■ **The problem**: Pictures do not belong in your copy. Repeat all the other data exactly.

[Information supplied Boundary: Start]

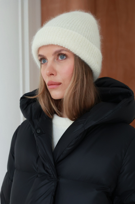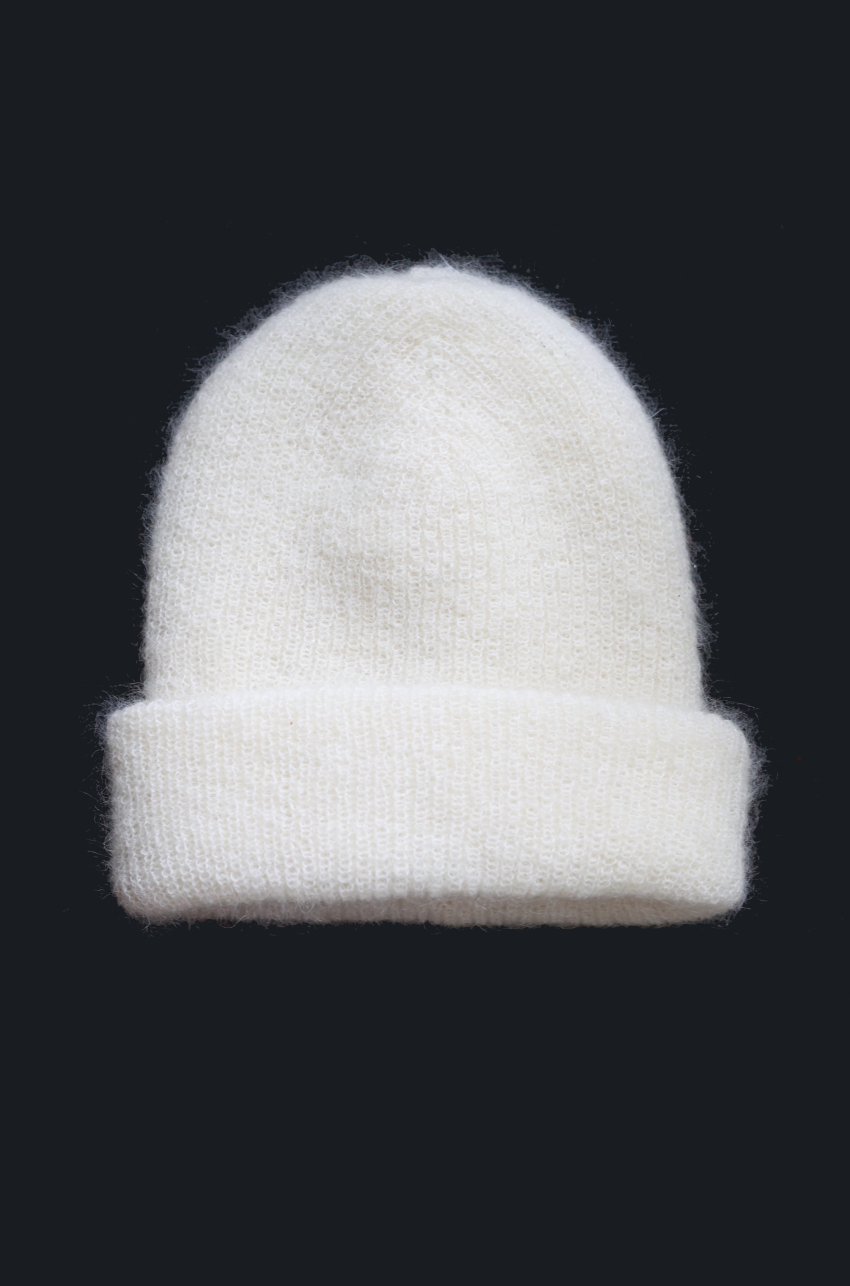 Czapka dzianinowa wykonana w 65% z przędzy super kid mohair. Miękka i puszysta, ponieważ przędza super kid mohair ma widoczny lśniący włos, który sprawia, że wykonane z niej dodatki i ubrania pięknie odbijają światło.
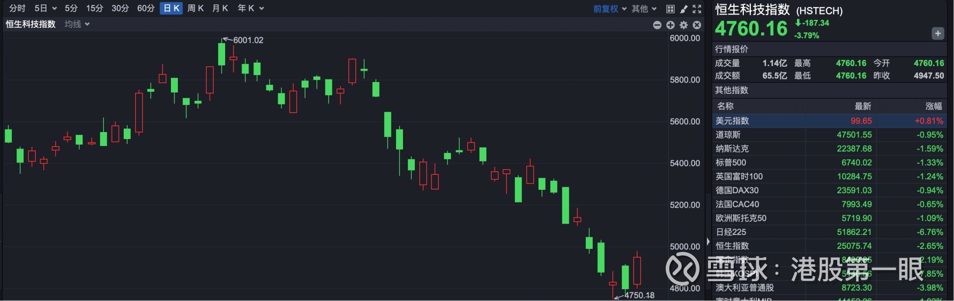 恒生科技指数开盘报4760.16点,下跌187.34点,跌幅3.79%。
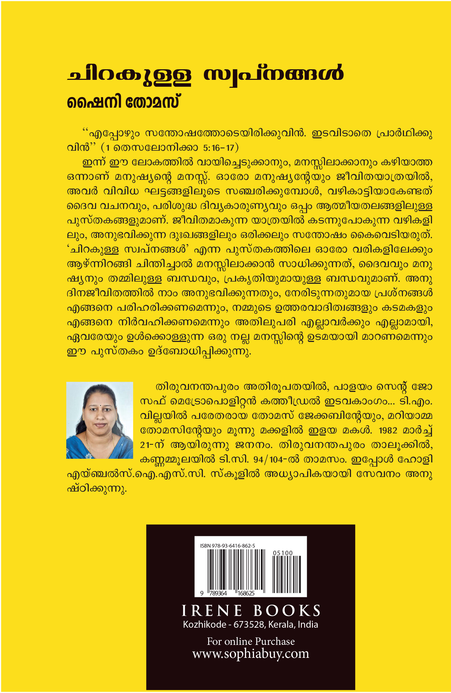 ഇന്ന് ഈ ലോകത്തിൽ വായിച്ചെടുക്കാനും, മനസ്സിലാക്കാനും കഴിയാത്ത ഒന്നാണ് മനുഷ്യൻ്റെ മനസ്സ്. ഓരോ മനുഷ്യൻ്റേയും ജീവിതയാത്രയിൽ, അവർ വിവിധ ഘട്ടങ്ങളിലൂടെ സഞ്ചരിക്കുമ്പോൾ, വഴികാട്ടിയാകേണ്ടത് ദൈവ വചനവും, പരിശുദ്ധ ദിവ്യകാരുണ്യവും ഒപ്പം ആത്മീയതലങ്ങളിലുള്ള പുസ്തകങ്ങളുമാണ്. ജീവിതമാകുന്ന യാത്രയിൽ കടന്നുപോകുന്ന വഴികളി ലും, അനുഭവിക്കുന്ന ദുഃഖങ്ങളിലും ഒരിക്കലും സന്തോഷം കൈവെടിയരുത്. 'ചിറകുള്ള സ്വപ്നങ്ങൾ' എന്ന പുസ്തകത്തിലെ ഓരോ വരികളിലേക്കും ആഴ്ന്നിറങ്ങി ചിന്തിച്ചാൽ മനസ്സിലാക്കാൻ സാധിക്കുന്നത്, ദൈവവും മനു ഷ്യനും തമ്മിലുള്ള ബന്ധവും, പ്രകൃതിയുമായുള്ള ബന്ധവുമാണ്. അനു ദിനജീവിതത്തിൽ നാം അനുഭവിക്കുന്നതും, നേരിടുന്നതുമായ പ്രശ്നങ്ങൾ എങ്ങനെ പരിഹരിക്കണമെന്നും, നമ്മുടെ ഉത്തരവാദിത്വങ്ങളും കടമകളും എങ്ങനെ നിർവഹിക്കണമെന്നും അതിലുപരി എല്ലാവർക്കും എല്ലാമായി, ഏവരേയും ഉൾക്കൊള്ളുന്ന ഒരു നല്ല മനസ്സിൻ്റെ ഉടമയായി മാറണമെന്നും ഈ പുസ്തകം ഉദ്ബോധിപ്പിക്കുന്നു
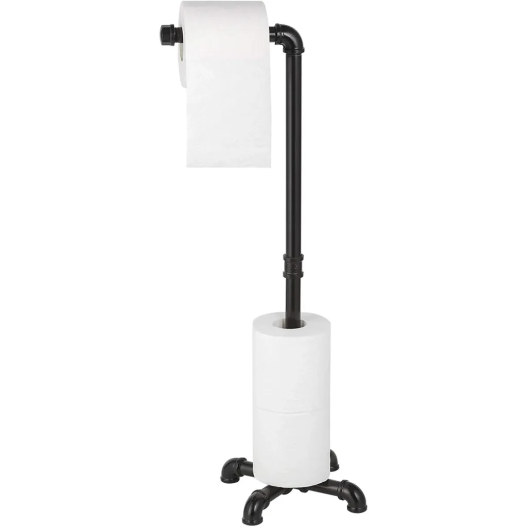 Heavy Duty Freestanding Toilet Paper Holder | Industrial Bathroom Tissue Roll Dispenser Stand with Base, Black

[Information supplied Boundary: End]

■ **Exercise answer**:
 Czapka dzianinowa wykonana w 65% z przędzy super kid mohair. Miękka i puszysta, ponieważ przędza super kid mohair ma widoczny lśniący włos, który sprawia, że wykonane z niej dodatki i ubrania pięknie odbijają światło.
 恒生科技指数开盘报4760.16点,下跌187.34点,跌幅3.79%。
 ഇന്ന് ഈ ലോകത്തിൽ വായിച്ചെടുക്കാനും, മനസ്സിലാക്കാനും കഴിയാത്ത ഒന്നാണ് മനുഷ്യൻ്റെ മനസ്സ്. ഓരോ മനുഷ്യൻ്റേയും ജീവിതയാത്രയിൽ, അവർ വിവിധ ഘട്ടങ്ങളിലൂടെ സഞ്ചരിക്കുമ്പോൾ, വഴികാട്ടിയാകേണ്ടത് ദൈവ വചനവും, പരിശുദ്ധ ദിവ്യകാരുണ്യവും ഒപ്പം ആത്മീയതലങ്ങളിലുള്ള പുസ്തകങ്ങളുമാണ്. ജീവിതമാകുന്ന യാത്രയിൽ കടന്നുപോകുന്ന വഴികളി ലും, അനുഭവിക്കുന്ന ദുഃഖങ്ങളിലും ഒരിക്കലും സന്തോഷം കൈവെടിയരുത്. 'ചിറകുള്ള സ്വപ്നങ്ങൾ' എന്ന പുസ്തകത്തിലെ ഓരോ വരികളിലേക്കും ആഴ്ന്നിറങ്ങി ചിന്തിച്ചാൽ മനസ്സിലാക്കാൻ സാധിക്കുന്നത്, ദൈവവും മനു ഷ്യനും തമ്മിലുള്ള ബന്ധവും, പ്രകൃതിയുമായുള്ള ബന്ധവുമാണ്. അനു ദിനജീവിതത്തിൽ നാം അനുഭവിക്കുന്നതും, നേരിടുന്നതുമായ പ്രശ്നങ്ങൾ എങ്ങനെ പരിഹരിക്കണമെന്നും, നമ്മുടെ ഉത്തരവാദിത്വങ്ങളും കടമകളും എങ്ങനെ നിർവഹിക്കണമെന്നും അതിലുപരി എല്ലാവർക്കും എല്ലാമായി, ഏവരേയും ഉൾക്കൊള്ളുന്ന ഒരു നല്ല മനസ്സിൻ്റെ ഉടമയായി മാറണമെന്നും ഈ പുസ്തകം ഉദ്ബോധിപ്പിക്കുന്നു
 Heavy Duty Freestanding Toilet Paper Holder | Industrial Bathroom Tissue Roll Dispenser Stand with Base, Black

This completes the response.